Today, Wuthering Heights has a secure position in the canon of world literature, and Emily Bronte is revered as one
of the finest writers—male or female—of the nineteenth century. Like Charlotte Bronte’s Jane Eyre, Wuthering
Heights is based partly on the Gothic tradition of the late eighteenth century, a style of literature that featured
supernatural encounters, crumbling ruins, moonless nights, and grotesque imagery, seeking to create effects of
mystery and fear. But Wuthering Heights transcends its genre in its sophisticated observation and artistic subtlety.
The novel has been studied, analyzed, dissected, and discussed from every imaginable critical perspective, yet it
remains un-exhausted. And while the novel’s symbolism, themes, structure, and language may all spark fertile
exploration, the bulk of its popularity may rest on its unforgettable characters. As a shattering presentation of the
doomed love affair between the fiercely passionate Catherine and Heathcliff, it remains one of the most haunting
love stories in all of literature.
The Victorian Age was a time of great economic, social, and political change. The British Empire had
reached its height and extended throughout one quarter of the world. The beginning of the Industrial
Revolution it was a time of great prosperity for some, but abject poverty for factory and farm workers.

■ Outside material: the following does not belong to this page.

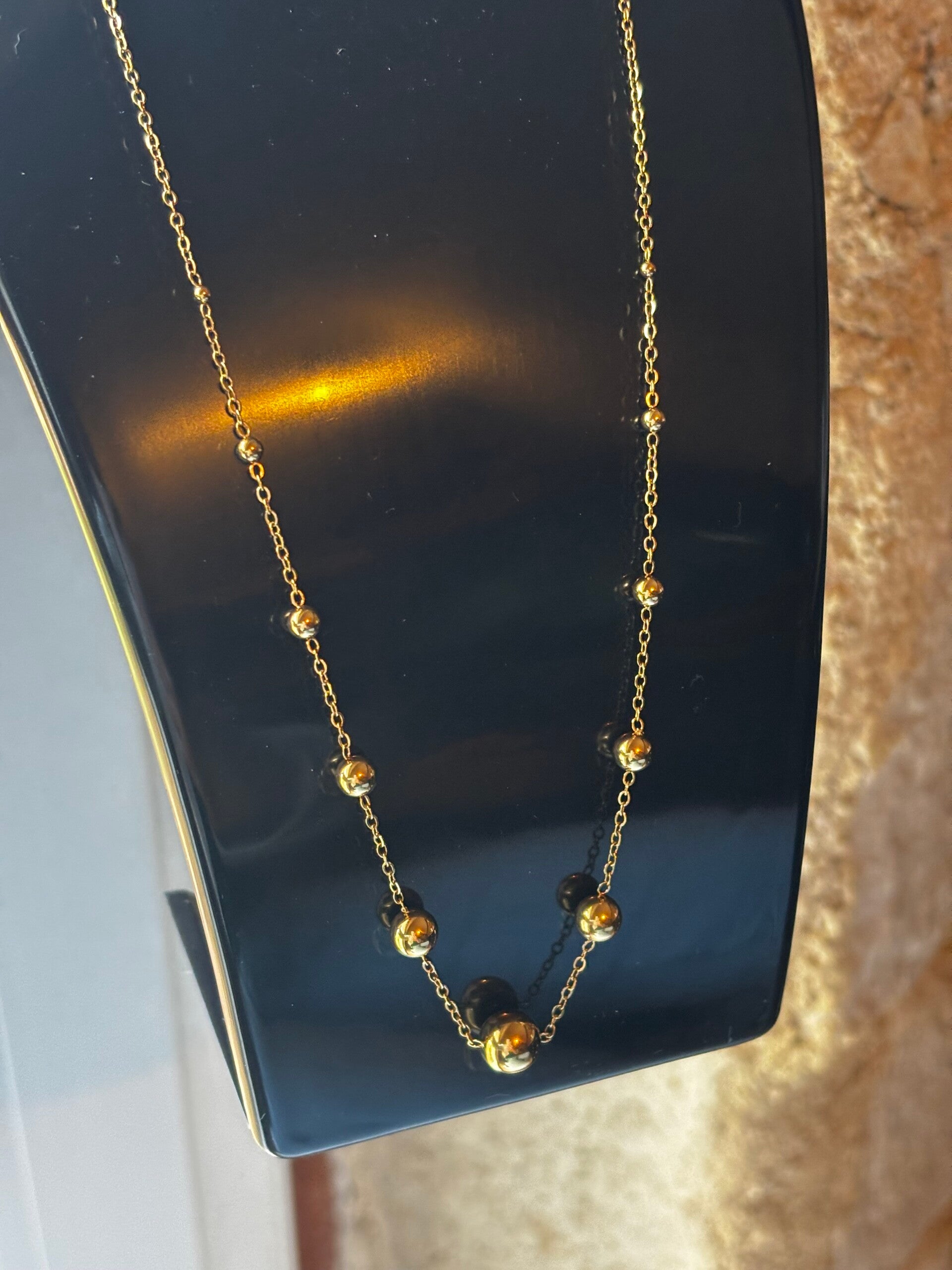 Magnifique collier bille. D'une brillance absolue. Fabriquer en acier inoxydable. Ne terni pas dans le temps et résiste à l'eau.

Many Victorian writers dealt with the contrast between the prosperity of the middle and upper classes and
the wretched condition of the poor. Indeed, class distinctions will appear as an important subtext
in Wuthering Heights.
Like her fellow Victorian novelist Thomas Hardy, Bronte’s setting is limited to the Yorkshire moors of
northern England, a rural, isolated region. Rural life was governed by a strict societal hierarchy which
Bronte accurately depicted in Wuthering Heights. At the top were the Lords, the aristocracy, with its
hereditary or monarch granted titles, large estates, political dominance and patronage system. Next came
the gentry’s class, non-titled nobility landowners, who constituted local leadership. The Linton family
in Wuthering Heights is typical of this class. Next were the gentlemen farmers, many of whom were
prosperous enough to maintain a lifestyle like that of the gentry. Mr. Earnshaw, father of Hindley and
Cathy, is a representative gentleman farmer. Indeed, the distinction between the two classes appears in the
novel, when Catherine refers to herself and Heathcliff as being of “the lower orders.